BEGIN Records for the exercise
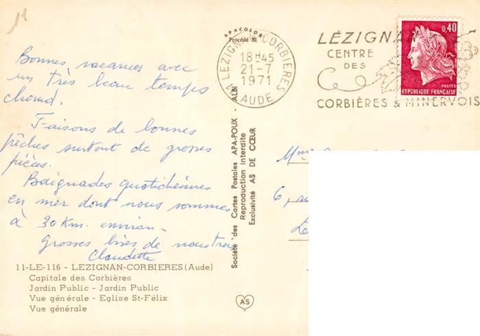 13947942 Lezignan-Corbieres Jardin Public Eglise Saint Félix vue générale KatCode 11170011311203
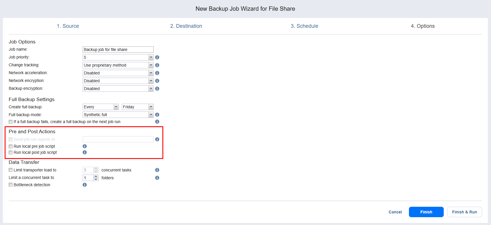 NAKIVO Backup & Replication allows you to set up certain actions before a backup copy job begins and after it has completed. You can choose to send job run reports to the email provided and run local pre and post job scripts.
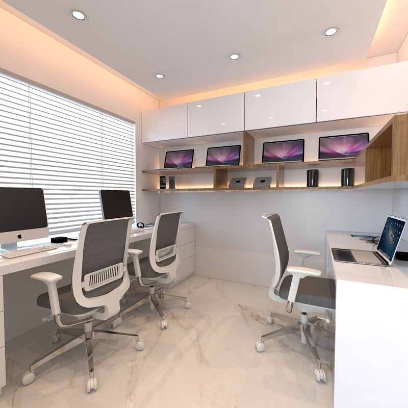 CONCEPT: Service center located in the same building as the experience center in Surat providing services to Apple Tech users. Completed being redesigned and refurbished to a more elegant and ambient look with relaxing white spaces. The interiors are exemplified with minimalism with a rich balance of creative lighting and texture. For any visitor this will provide more exploration to Apple Tech along service.
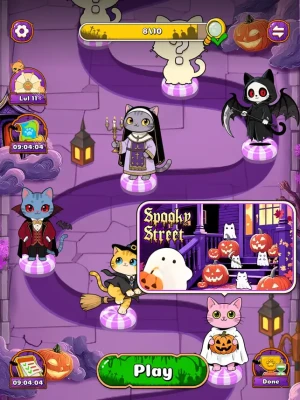 This special Halloween update introduces an exciting new structure — Main Levels and Collection Levels. Progress through the main stages to unlock special themed collections filled with uniquely designed spooky scenes. Completing each collection rewards you with an exclusive Halloween‑themed cat character for your in‑game gallery — a perfect treat for collectors and puzzle lovers alike.
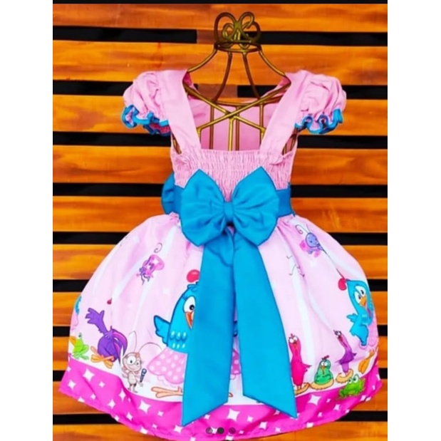 Vestido Galinha Pintadinha Rosa Bufante temático super luxo.
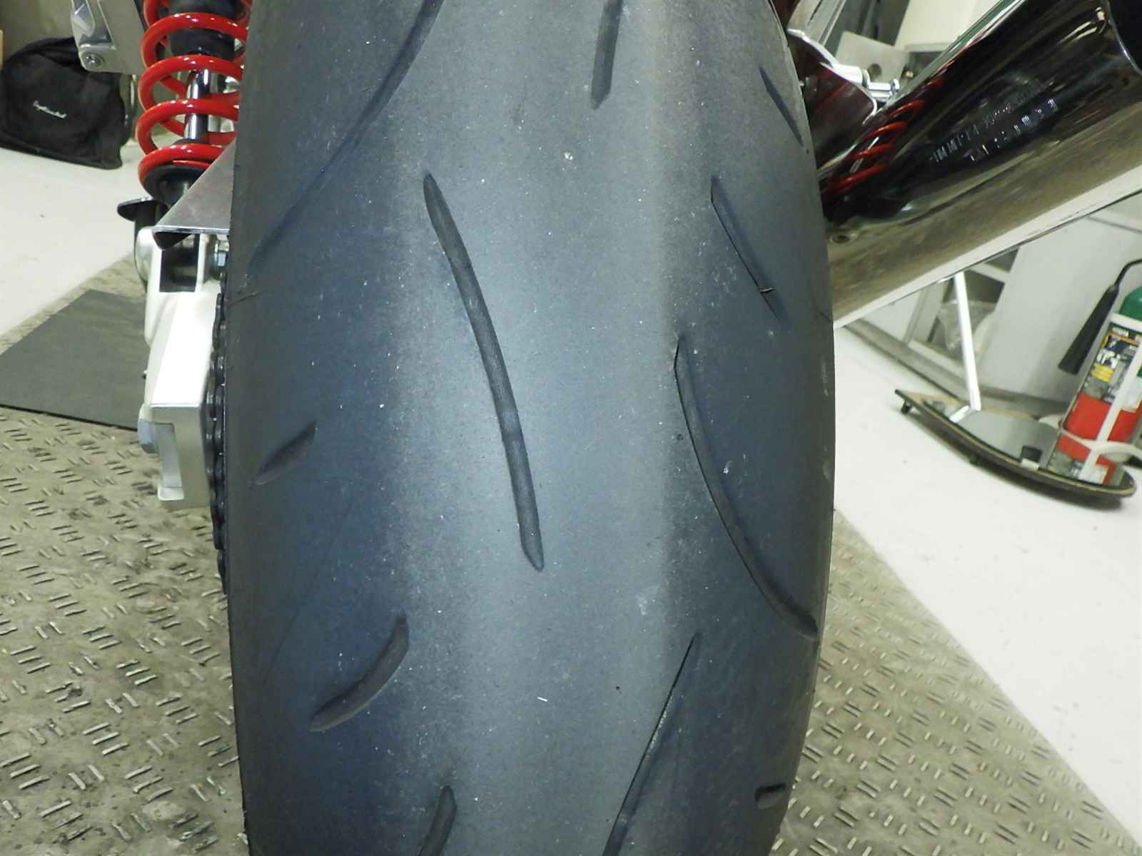 Задняя покрышка: Снижение давления в шине, Трещина требует замены.
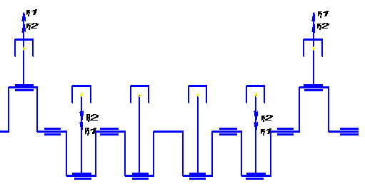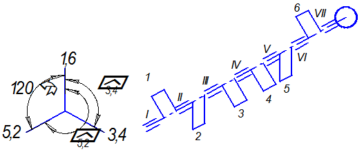 На данной схеме изображен коленчатый вал двигателя, в котором уравновешены силы инерции 1 и 2 порядков, центробежные силы инерции, а также моменты этих сил.
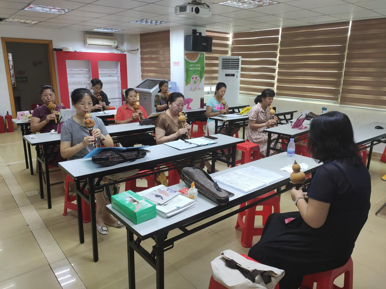 9月4日上午,草埔西社区葫芦丝队开展常规练习活动,本次活动进行的是新曲目《有一个美丽的地方》的学习。老师先给大家进行吹奏示范,然后指出这一首曲目的学习重点,针对重点节段带领大家进行多次的练习,现场学员认真学习。
END Records for the exercise
> **Exercise requirements**: Starting at the line that contains "На данной схеме", retype each line through the final one in the listing, with both ends kept and the pictures omitted.

> **Result of this exercise**:
 На данной схеме изображен коленчатый вал двигателя, в котором уравновешены силы инерции 1 и 2 порядков, центробежные силы инерции, а также моменты этих сил.
 9月4日上午,草埔西社区葫芦丝队开展常规练习活动,本次活动进行的是新曲目《有一个美丽的地方》的学习。老师先给大家进行吹奏示范,然后指出这一首曲目的学习重点,针对重点节段带领大家进行多次的练习,现场学员认真学习。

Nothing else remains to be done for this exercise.